The Eurasian lynx is the target of ongoing species reintroduction proposals in Great Britain. Proposed locations include the Scottish Highlands and Kielder Forest in Northumberland, England.

Background
Lynx were extirpated from the island of Great Britain by the Middle Ages, and since the extinction of the grey wolf, the island contains no terrestrial apex predators.

Since then, deer populations have increased dramatically due to having no natural predators; with excessive deer foraging leading to prevention of forest regeneration, the stripping of tree vegetation, and removing of the shrub layer in forests, which provides a habitat for birds such as nightingales and willow warblers. Reintroducing large predators such as the lynx are seen by rewilding experts as a means of restoring balance in the ecosystem and keeping deer numbers under control.

Proposals

England
Lynx Trust UK are a registered charity campaigning for the reintroduction of lynx to the Kielder Forest in Northumberland. In 2018, a proposal to release six animals was turned down by then-Environment Secretary Michael Gove, due to findings that the proposal did not "meet the necessary standards set out in the IUCN (International Union for Conservation of Nature) guidelines and fails to give confidence that the project could be completed in practical terms or that the outputs would meet the stated aims". In 2020 the Trust began preparing a second proposal to be submitted, with three animals proposed.
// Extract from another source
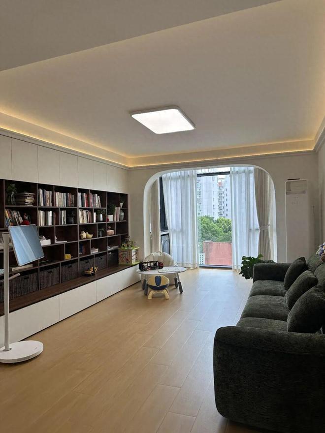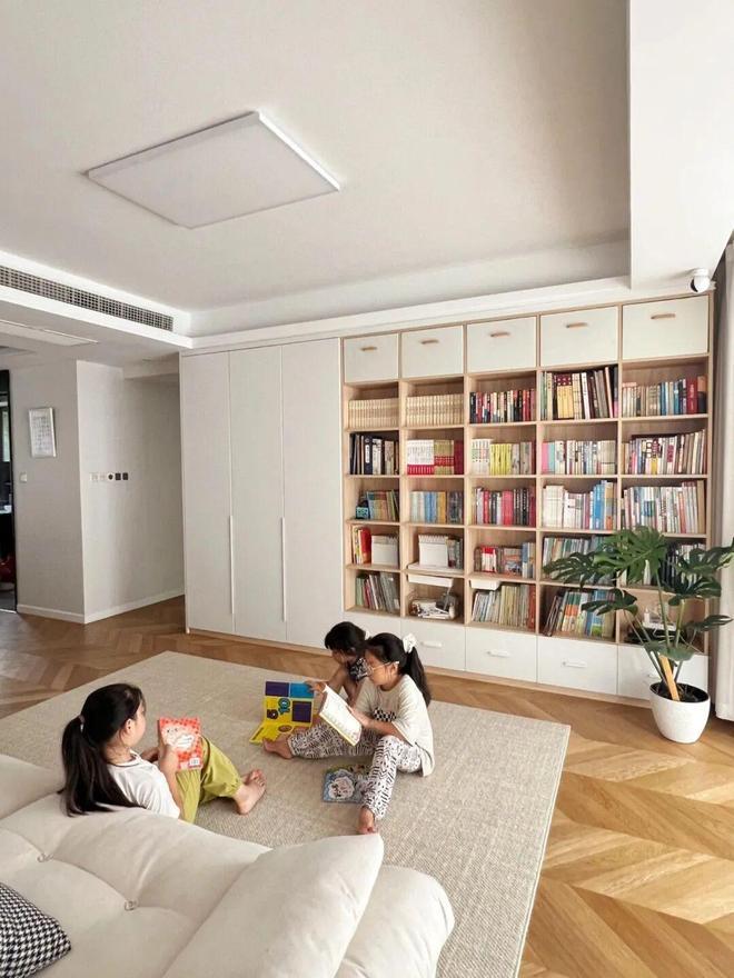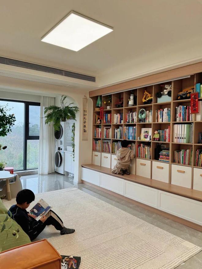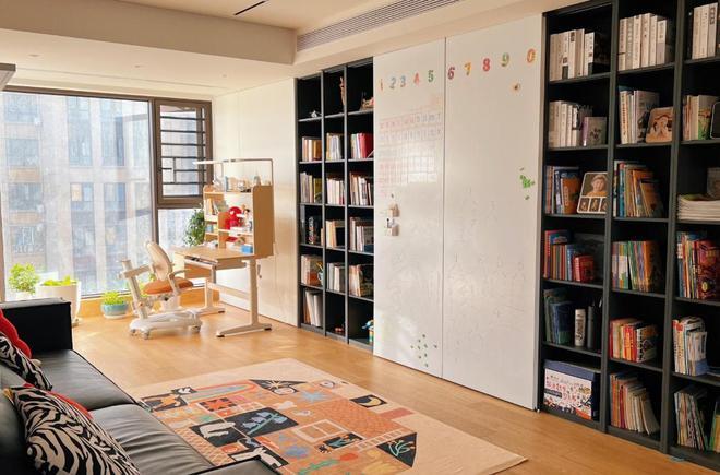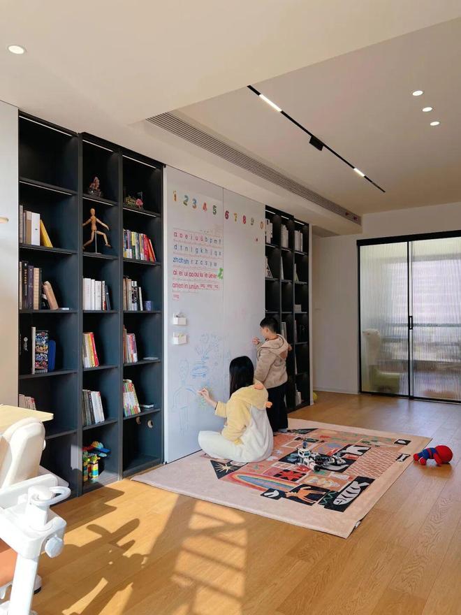 网友@小张姐姐:有娃之后,才知道客厅满墙书柜有多实用。收纳、活动、亲子、涂鸦,妥妥的客厅C位,利用率超高。

The Wild East Project has proposed lynx reintroduction to areas of East Anglia.

Scotland
Lynx reintroduction into the Scottish Highlands has been proposed since 2008, and a study by Lynx Trust UK and the University of Lancaster found that the Scottish countryside would be able to support a population of up to 250 animals. In 2020, Lynx Trust UK began a consultation into releasing lynx into the Queen Elizabeth Forest Park north of Glasgow.

Support
The proposals have met opposition from sheep farmers, citing threats the lynx would pose to their flocks; despite research indicating that because lynx also predate on foxes, the number of lambs killed would reduce.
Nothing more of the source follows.